▶ RECORDED DATA:

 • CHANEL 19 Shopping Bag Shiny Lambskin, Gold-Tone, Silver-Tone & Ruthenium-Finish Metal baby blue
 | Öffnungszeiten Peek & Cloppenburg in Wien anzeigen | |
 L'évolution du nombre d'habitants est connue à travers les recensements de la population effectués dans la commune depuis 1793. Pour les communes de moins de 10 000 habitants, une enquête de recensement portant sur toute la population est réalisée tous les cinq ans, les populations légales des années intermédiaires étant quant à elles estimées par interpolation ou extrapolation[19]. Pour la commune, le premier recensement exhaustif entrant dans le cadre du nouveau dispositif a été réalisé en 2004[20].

---

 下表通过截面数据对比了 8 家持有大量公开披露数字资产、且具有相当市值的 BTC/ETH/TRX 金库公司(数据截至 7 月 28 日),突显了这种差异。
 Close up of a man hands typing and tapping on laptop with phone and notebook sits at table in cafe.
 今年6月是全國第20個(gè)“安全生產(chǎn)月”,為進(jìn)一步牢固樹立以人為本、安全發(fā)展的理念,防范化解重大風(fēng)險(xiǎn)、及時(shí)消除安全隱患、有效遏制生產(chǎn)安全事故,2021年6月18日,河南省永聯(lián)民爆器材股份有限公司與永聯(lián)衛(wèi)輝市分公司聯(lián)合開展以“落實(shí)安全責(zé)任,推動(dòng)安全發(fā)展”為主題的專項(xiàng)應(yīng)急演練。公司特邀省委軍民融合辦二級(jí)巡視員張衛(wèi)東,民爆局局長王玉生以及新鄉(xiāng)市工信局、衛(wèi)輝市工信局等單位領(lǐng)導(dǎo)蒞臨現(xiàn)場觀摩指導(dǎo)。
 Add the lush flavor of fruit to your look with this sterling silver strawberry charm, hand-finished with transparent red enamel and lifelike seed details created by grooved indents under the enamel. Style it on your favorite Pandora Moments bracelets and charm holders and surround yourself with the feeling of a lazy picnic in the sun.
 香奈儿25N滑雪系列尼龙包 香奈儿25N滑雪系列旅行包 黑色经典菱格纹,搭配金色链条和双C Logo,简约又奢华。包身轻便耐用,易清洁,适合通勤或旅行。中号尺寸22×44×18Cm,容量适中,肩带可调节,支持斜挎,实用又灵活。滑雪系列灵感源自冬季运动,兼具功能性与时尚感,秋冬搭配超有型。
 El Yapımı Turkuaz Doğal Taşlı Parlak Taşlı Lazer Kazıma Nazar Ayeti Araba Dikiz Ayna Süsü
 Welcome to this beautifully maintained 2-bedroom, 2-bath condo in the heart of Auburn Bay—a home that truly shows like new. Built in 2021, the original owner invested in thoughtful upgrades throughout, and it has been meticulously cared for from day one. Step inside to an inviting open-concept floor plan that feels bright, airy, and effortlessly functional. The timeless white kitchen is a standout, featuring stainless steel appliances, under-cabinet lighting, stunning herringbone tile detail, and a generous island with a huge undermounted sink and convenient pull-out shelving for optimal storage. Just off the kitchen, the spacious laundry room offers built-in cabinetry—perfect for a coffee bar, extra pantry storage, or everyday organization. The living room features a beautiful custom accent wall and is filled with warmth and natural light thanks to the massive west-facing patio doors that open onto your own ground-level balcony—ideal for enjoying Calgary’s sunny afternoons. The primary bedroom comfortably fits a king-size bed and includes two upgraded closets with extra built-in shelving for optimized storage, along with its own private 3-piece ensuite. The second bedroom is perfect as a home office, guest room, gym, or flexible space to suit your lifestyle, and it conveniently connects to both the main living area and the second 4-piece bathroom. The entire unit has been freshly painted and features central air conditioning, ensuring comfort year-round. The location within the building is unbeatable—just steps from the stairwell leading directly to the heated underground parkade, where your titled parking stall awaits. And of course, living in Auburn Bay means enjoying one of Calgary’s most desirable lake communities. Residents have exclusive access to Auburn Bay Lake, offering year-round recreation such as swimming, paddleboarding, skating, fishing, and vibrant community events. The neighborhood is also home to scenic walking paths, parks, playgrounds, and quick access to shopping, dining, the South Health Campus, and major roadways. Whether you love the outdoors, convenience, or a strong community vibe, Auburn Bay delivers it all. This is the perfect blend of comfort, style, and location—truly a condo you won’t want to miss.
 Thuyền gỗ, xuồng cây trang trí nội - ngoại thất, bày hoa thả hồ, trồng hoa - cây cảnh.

▶ AIM OF THE EXERCISE:
Send back exactly the lines of the listing above starting at the one with "下表通过截面数据对比了 8 家持有大量公开披露数字资产、且具有相当市值的" and ending at the one with "El Yapımı Turkuaz", inclusive, and no others.

▶ SOLUTION TO THE PROBLEM:
 下表通过截面数据对比了 8 家持有大量公开披露数字资产、且具有相当市值的 BTC/ETH/TRX 金库公司(数据截至 7 月 28 日),突显了这种差异。
 Close up of a man hands typing and tapping on laptop with phone and notebook sits at table in cafe.
 今年6月是全國第20個(gè)“安全生產(chǎn)月”,為進(jìn)一步牢固樹立以人為本、安全發(fā)展的理念,防范化解重大風(fēng)險(xiǎn)、及時(shí)消除安全隱患、有效遏制生產(chǎn)安全事故,2021年6月18日,河南省永聯(lián)民爆器材股份有限公司與永聯(lián)衛(wèi)輝市分公司聯(lián)合開展以“落實(shí)安全責(zé)任,推動(dòng)安全發(fā)展”為主題的專項(xiàng)應(yīng)急演練。公司特邀省委軍民融合辦二級(jí)巡視員張衛(wèi)東,民爆局局長王玉生以及新鄉(xiāng)市工信局、衛(wèi)輝市工信局等單位領(lǐng)導(dǎo)蒞臨現(xiàn)場觀摩指導(dǎo)。
 Add the lush flavor of fruit to your look with this sterling silver strawberry charm, hand-finished with transparent red enamel and lifelike seed details created by grooved indents under the enamel. Style it on your favorite Pandora Moments bracelets and charm holders and surround yourself with the feeling of a lazy picnic in the sun.
 香奈儿25N滑雪系列尼龙包 香奈儿25N滑雪系列旅行包 黑色经典菱格纹,搭配金色链条和双C Logo,简约又奢华。包身轻便耐用,易清洁,适合通勤或旅行。中号尺寸22×44×18Cm,容量适中,肩带可调节,支持斜挎,实用又灵活。滑雪系列灵感源自冬季运动,兼具功能性与时尚感,秋冬搭配超有型。
 El Yapımı Turkuaz Doğal Taşlı Parlak Taşlı Lazer Kazıma Nazar Ayeti Araba Dikiz Ayna Süsü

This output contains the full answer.